The technology uses high-resolution optical cameras mounted on the flat panel X-ray detector to image the surface of the patient. It then combines the external view captured by the cameras and the internal 3D view of the patient acquired by the X-ray system to construct a 3D augmented-reality view of the patient’s external and internal anatomy. This real-time 3D view of the patient’s spine in relation to the incision sites in the skin aims to improve procedure planning, surgical tool navigation and implant accuracy.

“This new technology allows us to use augmented reality in combination with 3D imaging for intraoperative surgical planning and navigation of our devices. We have now treated four patients using the system and placed 44 pedicle screws with satisfactory results. We have been able to check the overall result in 3D in the operating room without the need to move the patient to a computed tomography scanner.
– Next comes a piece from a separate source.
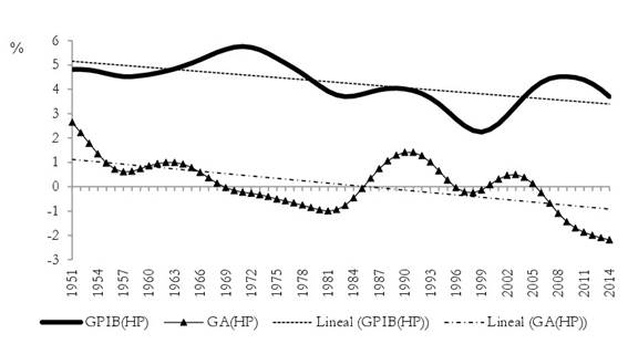 La información estimada permite calcular que la tasa de crecimiento promedio de la productividad multifactorial en el período 1951-2014 fue casi nula (0,1%), mientras que la tasa de crecimiento promedio anual fue del 4,31%. Estos resultados sugieren que el crecimiento económico nacional ha sido primordialmente extensivo: se explica casi totalmente por la expansión de los factores productivos (capital privado fijo, capital humano e infraestructura). La tendencia de la variable GA se estima por medio del filtro de Hodrick y Prescott [GA(HP)] y se presenta en el Gráfico 3 junto con la tendencia del crecimiento económico nacional [GPIB(HP)].

The radiation dose to the staff is zero and minimal to the patient.” says Adrian Elmi Terander, principal investigator at Karolinska University Hospital. “We tested this workflow pre-clinically for complex thoracic and cervical spine surgeries with very convincing results and look forward to extending it to complex cerebral neurosurgical procedures.”

The current clinical study is conducted in collaboration between Neurosurgery, Orthopedics and Neuroradiology departments at Karolinska University Hospital and Philips. The results of the first pre-clinical study on the technology have been published in the scientific journal Spine. The technology was shown to be superior in respect to overall accuracy, compared to pedicle screw placement without the aid of augmented-reality surgical navigation technology (85% vs 64%).